Xiomara Mejia and her Wyandanch family have been battling their landlord, who allegedly turned their heat off and is now facing criminal charges for doing so. NewsdayTV's Andrew Ehinger reports. Credit: Newsday/Alejandra Villa Loarca; Anthony Florio

Xiomara Mejia’s house is warm again, after a monthslong battle with her landlord and a journey through a maze of Long Island red tape.

While her family celebrates having heat in their Wyandanch home, her landlord, Yared Samuel, is facing a criminal charge of unlawful eviction, a misdemeanor, Suffolk County police said. An investigation determined that the oil burner in her home had been shut off in December, police said. Under state law, it would be a crime to shut off heat in order to drive out tenants, housing attorneys said.

The lack of heat left Mejia’s family of five sleeping near their two space heaters as wind chills made the temperature outside feel like single digits. Daytime temperatures inside the home dipped as low as 49 degrees, county health inspectors’ reports show.

"It's been tough, probably like the worst Christmas or the worst New Year's that we've ever had," said Mejia’s son Saul Antonio Paz Mejia, 17, a senior at Central Islip Senior High School who plans to study engineering in college. Except for sleeping, he said, "we didn't spend that much time in the house."

It took from October until January to restore service, other than a nine-day period in mid-December, county records show.

The difficulties faced by Mejia and her family — husband Saul Paz Garcia, son Saul Antonio and two daughters, ages 16 and 21 — highlight hardships renters can encounter despite New York’s strong tenant protections, housing advocates said.

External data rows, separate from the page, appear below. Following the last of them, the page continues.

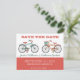 Here's an adorable, sweet Save the Date announcement invitation for your upcoming nuptials! Tell friends and family the future wedding date in advance so they can make arrangements to attend. A pair of old school style bikes in retro vintage colours of teal blue green and orange with matching colours and retro cool fonts. Personalise it with your names, date, and the location of your marriage ceremony. Off white/cream coloured background front and back. Bicycle graphics are by Rhoda Design Studio on etsy.com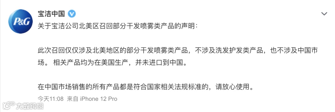 @宝洁中国 发布声明称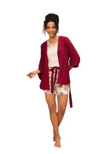 Generic - Summer Pajama 3 Piece Top Restaurant Lace Robe and Shorts Cotton Material For Women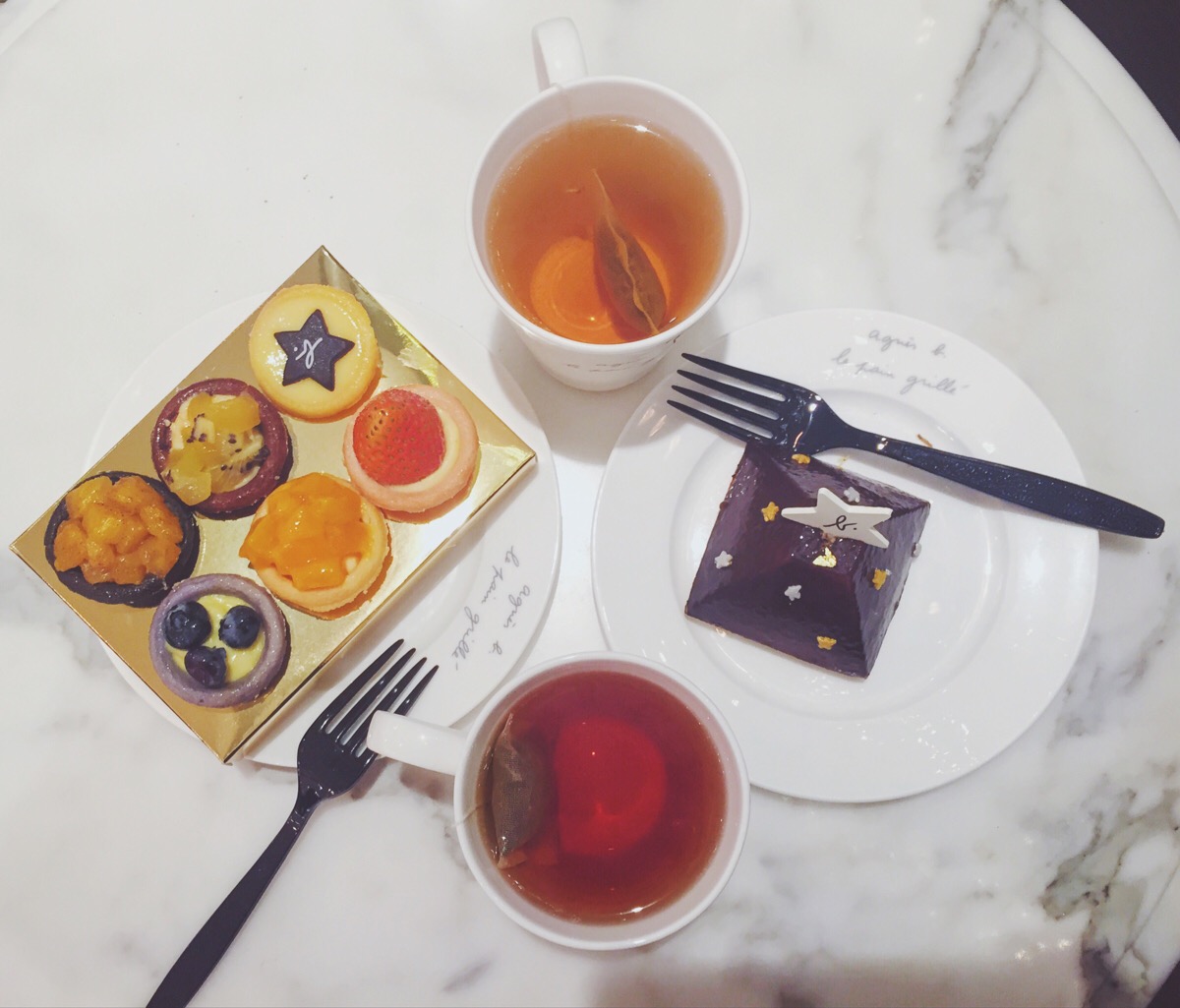 agnès b. Café LPG 香港沙田新城市广场,agnès b. 服装包包专柜旁边开的咖啡吧~甜点都很精致,遗憾没吃到雪糕。巧克力开心果蛋糕+水果塔+皇爵红茶+马可波罗果茶,都很赞!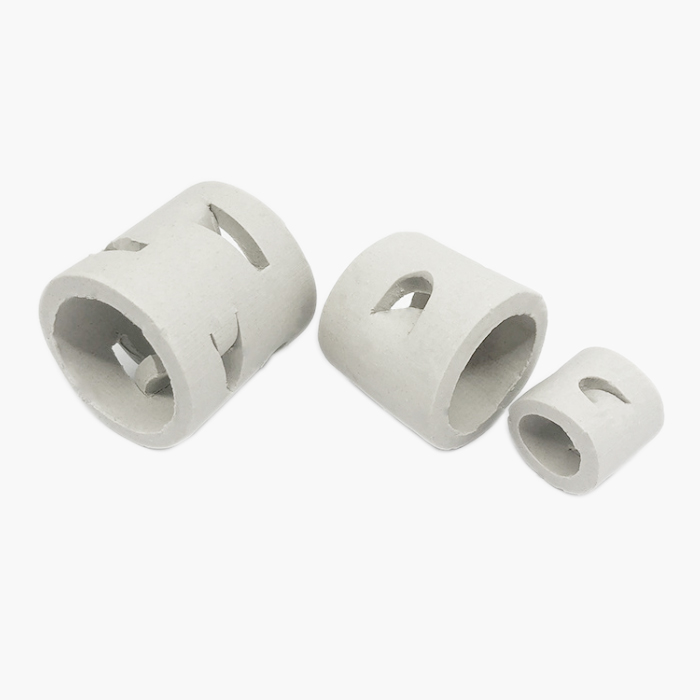 陶瓷鮑爾環(huán)填料是在陶瓷拉西環(huán)的基礎(chǔ)上開(kāi)發(fā)的一種高徑相等的開(kāi)孔環(huán)型填料,每層窗孔有5個(gè)舌葉,每個(gè)舌葉內(nèi)彎指向環(huán)心,上下兩層窗孔的位置相反錯(cuò)開(kāi),一般開(kāi)孔面積約占環(huán)壁總面積的30%左右,使得填料塔內(nèi)的氣體和液體能夠從窗孔自由通過(guò),改善了氣液分布,充分利用了環(huán)的內(nèi)表面。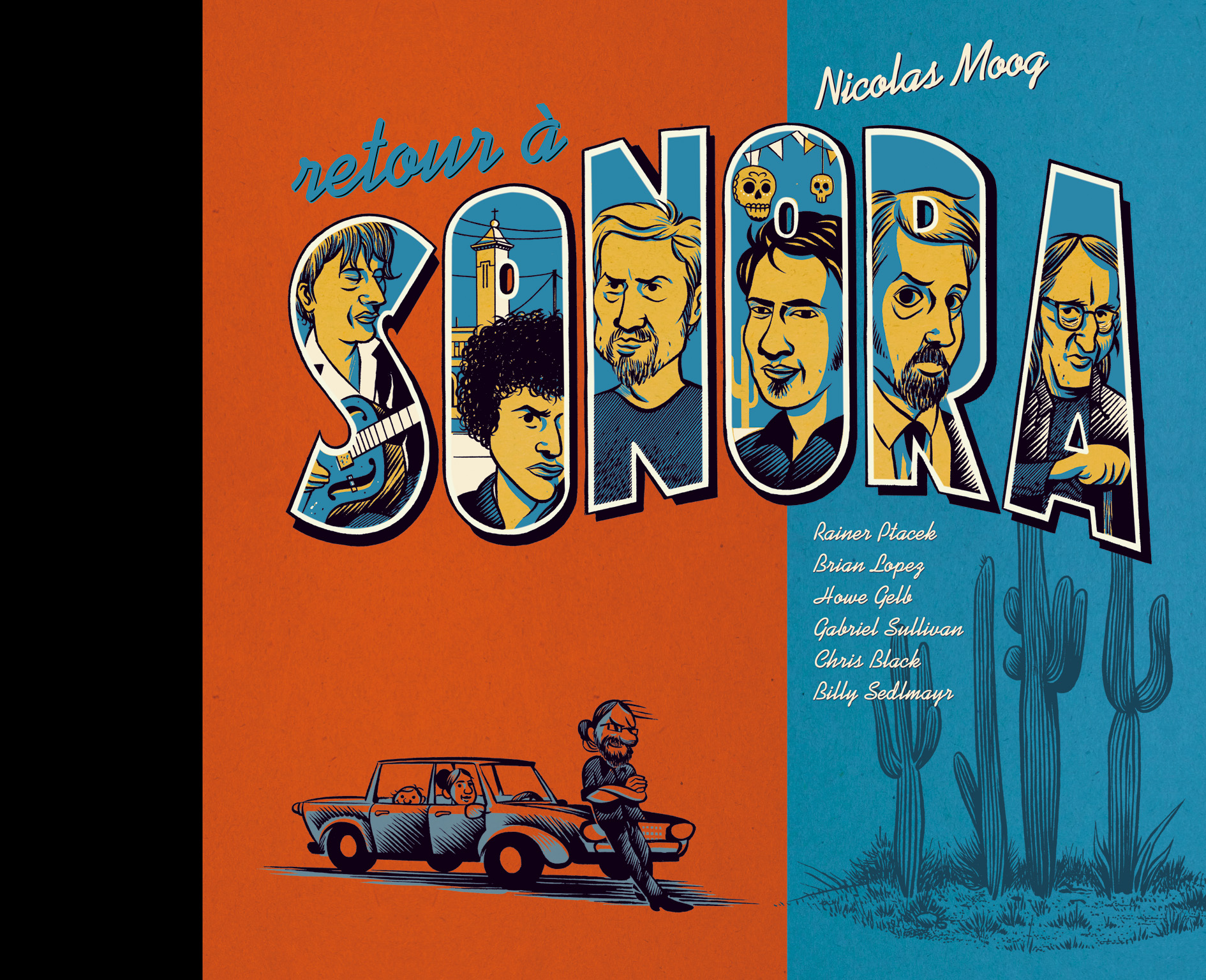 Le dessinateur originaire de Metz Nicolas Moog a pour particularité de faire partie de ce club pas du tout fermé des auteurs de BD qui sont aussi musiciens puisqu’il joue du banjo et de la guitare au sein du groupe country Thee Verduns. D’où sans doute cette volonté d’aller aux origines de cette musique et donc, comme il le dit très clairement, de confronter la réalité à cette image mythique de l’Amérique qui a hanté son imaginaire à travers la musique ou encore la littérature. Cette démarche, quelque part entre le carnet de voyage et le travail journalistique avait déjà abouti sur un livre, MY AMERICAN DIARY publié en 2009, pour lequel Nicolas Moog partait à la rencontre de musiciens issus de la scène musicale d’Austin au Texas. RETOUR A SONORA peut être vu comme la suite ou le complément de ce précédent opus, Moog se déplaçant cette fois-ci à Tucson dans l’Arizona à une centaine de kilomètres de la frontière Mexicaine.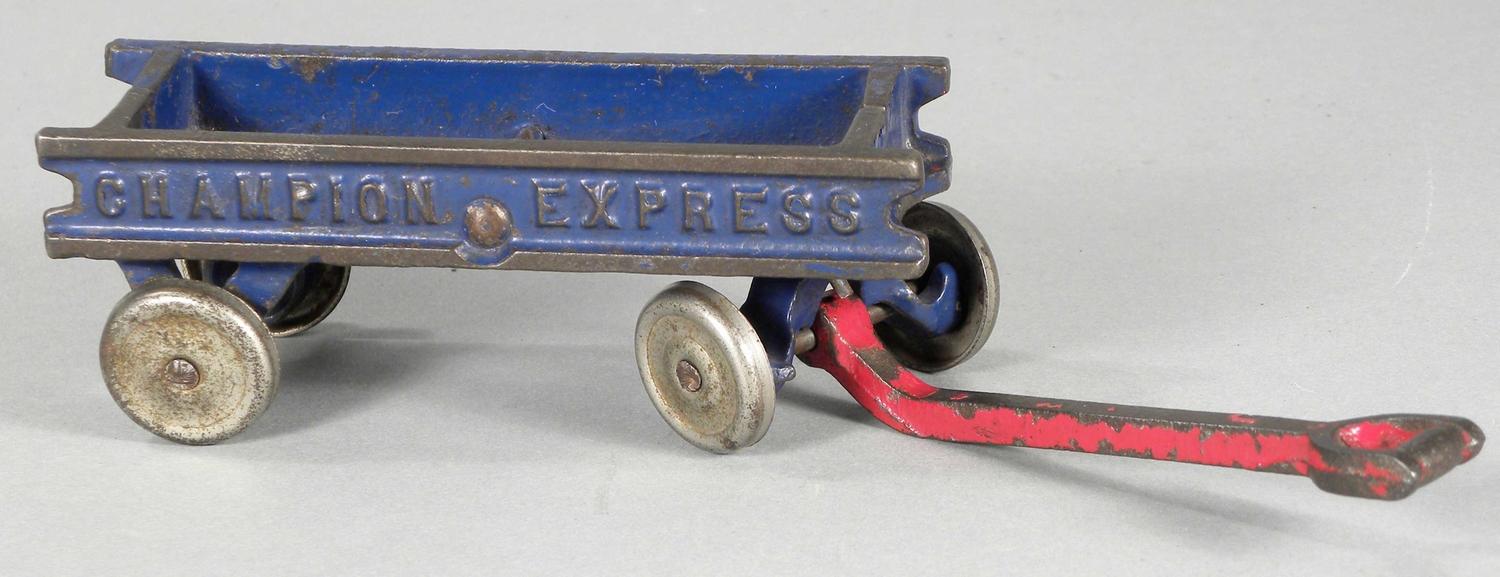 Cast Iron Toy Pull Wagon. "Champion Express". Most paint worn on handle otherwise very good condition. 4 5/8 inches long w/o handle. Start Price $50

Restoring heat to Mejia’s home involved social workers, nonprofit housing counselors and attorneys, Town of Babylon code enforcement and Suffolk County health officials, police and a state district court judge.

The situation remained largely unresolved for months, until Newsday made calls to officials in January, said Ian Wilder, executive director of the nonprofit Long Island Housing Services in Bohemia, which advocated for the family.

Newsday first inquired about the case on Jan. 6. Mejia said the heat was restored Jan. 10. Suffolk police charged Samuel with unlawful eviction on Jan. 14. 

"We are very pleased that action has finally been taken," Wilder said. But the case demonstrates "systemic failure" by police and other government officials, he said.

The Suffolk Police Department is reissuing a training memorandum to officers about state law on illegal evictions, police spokeswoman Dawn Schob said in an email.  

The police investigation into Mejia's situation showed her landlord was responsible for delivery of heating oil and maintaining the oil burner, and tenants were responsible for "all utilities except oil," Schob said. Samuel is due in district court in Central Islip in February, police said.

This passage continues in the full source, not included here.